5 Creative Careers that Are Still Growing

As a creative person, the last thing you want to do is “sell out” and work for the man. Your art is sacred and no one can out a price on it… until reality sets in and you realize “selling out” actually means “paying the bills.” Luckily, there are a wide variety of careers that  may offer job stability and a decent paycheck, while still providing an outlet for creativity. The following careers match all of these criteria, stimulating both your creativity and your wallet.

Graphic Designer

Primarily, a graphic designer uses visuals to promote a product, service, or message. To be effective as a designer a good eye is essential but it also helps to have some marketing savvy, as designers often work to meet the specifications of communications or promotions teams. One of the great things about this career is that it is viable in several different settings including ad agencies, websites, print, in-house design departments, and freelance. Usually, a designer starts with a sketch of the layout and makes a mock-up for approval before developing a final product.

The Bureau of Labor Statistics (BLS) predicts that graphic design jobs will grow 13 percent from 2008 through 2018  Web design will be especially strong*. Entry-level jobs commonly require a bachelor degree, but an associate degree might also be enough for employment. A strong portfolio of sample projects is essential, especially for freelancers, who are hired on the basis of past work. The salary range for designers is fairly wide; in 2008, the median salary for entry-level workers was $35,000 and those in director positions earned $95,000.

Copywriter
 
Wander around the Web for a few minutes or pick up an ad and you’ll see the work of a copywriter, who provides words that sell, promote, and convey a message. Like graphic designers, copywriters support a variety of industries, which may expand their employment options. In advertising and marketing, writers are in charge of putting together copy for ads, brochures, direct mail, product literature, and more. In public relations, writers write the copy that companies send out to clients, employees, and the general public. Other opportunities include writing Web copy, ghostwriting, and speech writing.
 
The BLS reports that job growth for writers should increase by eight percent through 2018. Today's writers are enjoying more assignments, thanks to the rise of social media and digital marketing.  Companies are developing more online campaigns, corporate blogs, and consumer communities - all of which require in-house or contracted copywriters. In 2008, the median income for salaried writers was $53,070. 
 
 Game Designer
 
Game designers create digital games for consoles, computers, and mobile applications.  But you'll need more than technical skills to succeed in this field.  While most designers do study software architecture and programming, many students also complete coursework in mythology and folklore, which helps them incorporate effective symbolism and historical motifs into their storylines. Designers also learn the fundamentals of animation and 3D content, allowing them to translate their sketches into operational avatars and playing fields. Designers with a head for business might also choose to learn about project management or product promotion.  
 
If you're hoping to break into game design, you'll be glad to know that the industry is as profitable as it is fun.  The Entertainment Software Association (ESA) reports that computer and video game companies yielded $20 billion in revenues, in 2009 - making it one of the fastest growing sectors in the U.S. economy.  According to the BLS in 2010, the average salary range is wide, from $49,000 a year for testers to $107,000 for those on the executive side.

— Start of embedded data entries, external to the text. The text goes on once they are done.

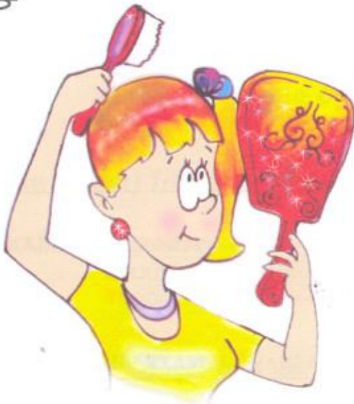
DARLENE IS LOOKING AT HERSELF IN THE MIRROR.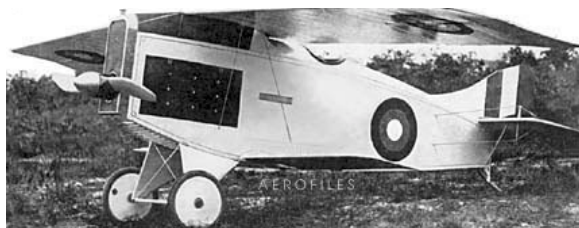
Figure 4. Photograph of the Christmas Bullet.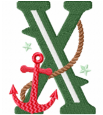
File: X Stitched 4_5 Inch.jef Stitches: 12718 Size: 87.5x114.4 mm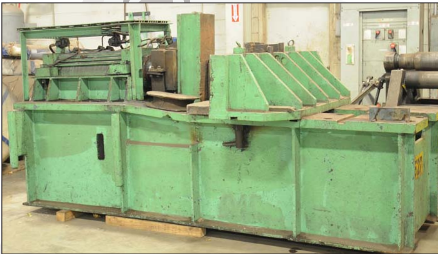
Horizontal hydraulic bulldozer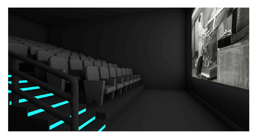
Figure 2. Example of the movie theater.

For cognitive stimulation, other tasks are also implemented, such as shopping for fruit or going to the cinema (see Figure 2). In the shopping task, the user is requested to buy a specific amount of fruit of different types. Therefore, he/she has to select the fruit, pick it up and buy it as he/she used to do in a real shop. To accomplish these tasks, he/she uses the touch controllers associated with the HMD to track the hand position and to represent them in the virtual world. This allows the user to interact with the virtual world like in the real world, also forcing him/her to perform physical activity using the upper body limbs. Going to the movies might also help to create memory stimulation. Since the target population of the study was a group of senior citizens, old movies were used in this version of the application.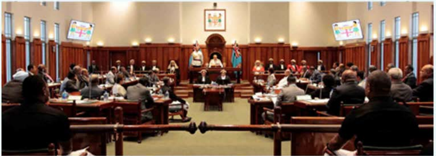
Opening of the 2016-2017 Parliament session in September, 2016.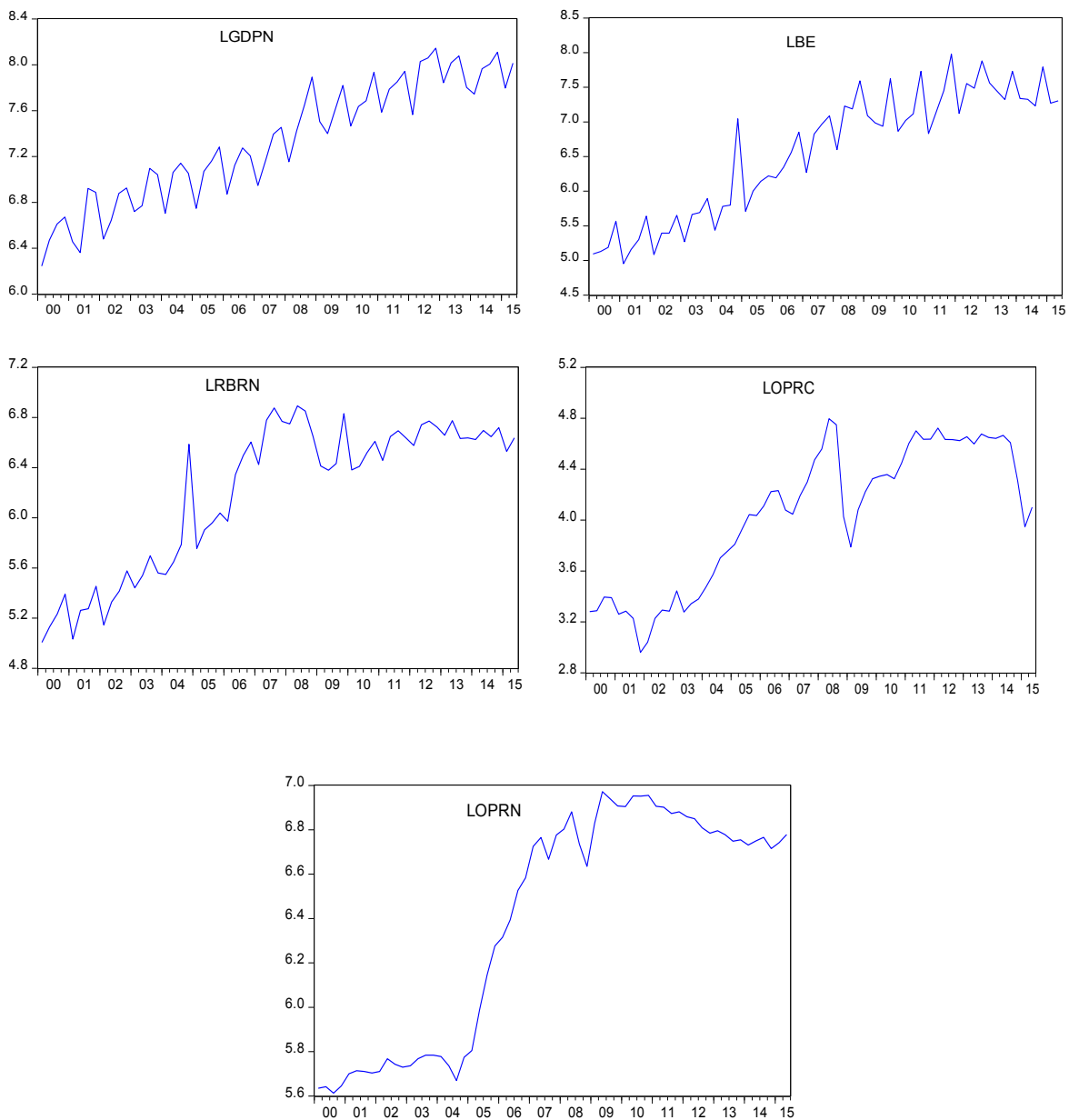
1: Time profile of the logs of variables

To reveal the direction of causality towards budget expenditures, we also run the following regression:

 Make-Up Artists & Estheticians

Make-up artists apply cosmetics to clients, and estheticians work to enhance the health and appearance of clients' skin, using facials, peels, hair removal treatments, and tinting procedures. Many cosmetology students are trained in both creative areas.  An accredited vocational certificate or cosmetology degree helps these artists perfect their skills and qualify for necessary licensure, which varies by state. 

High-profile artists work in the entertainment world, applying make-up for movie stars, television actors, or stage performers.  Artists can accent beauty or manufacture scars, bruises, and other special effects. More commonly, make-up artists and estheticians work for everyday clients, in the context of wellness spas or beauty salons.  They may also be hired to help clients prepare for special events, like proms and weddings. 

Similar to graphic designers and copywriters, make-up artists build success based on reputation, so a good portfolio and a loyal clientele are essential. Estheticians are expected to see a large increase in employment over the next several years. As reported by the BLS, demand for such professionals is expected to grow by 20 percent, exceeding most other fields, primarily due to increased population and the cosmetic needs of baby boomers and young people.

Architect

Take a walk around your city or town and you’re looking at the artwork of an architect. The job of an architect is to not only design buildings and other structures aesthetically, but to also ensure they’re functional, economical, and safe. According to the Bureau of Labor Statistics, in 2008,there were around 141,000 architecture-related jobs in the U.S., mostly in architectural and engineering roles but also for residential and non-residential building firms as well as for government agencies. Many in the field are self-employed.

Architects tend to complete more formal schooling than some other creative professionals. Five-year programs and master degrees in architecture are common credentials in the field. The BLS also reported in 2008 that the average architect made $76,750 a year.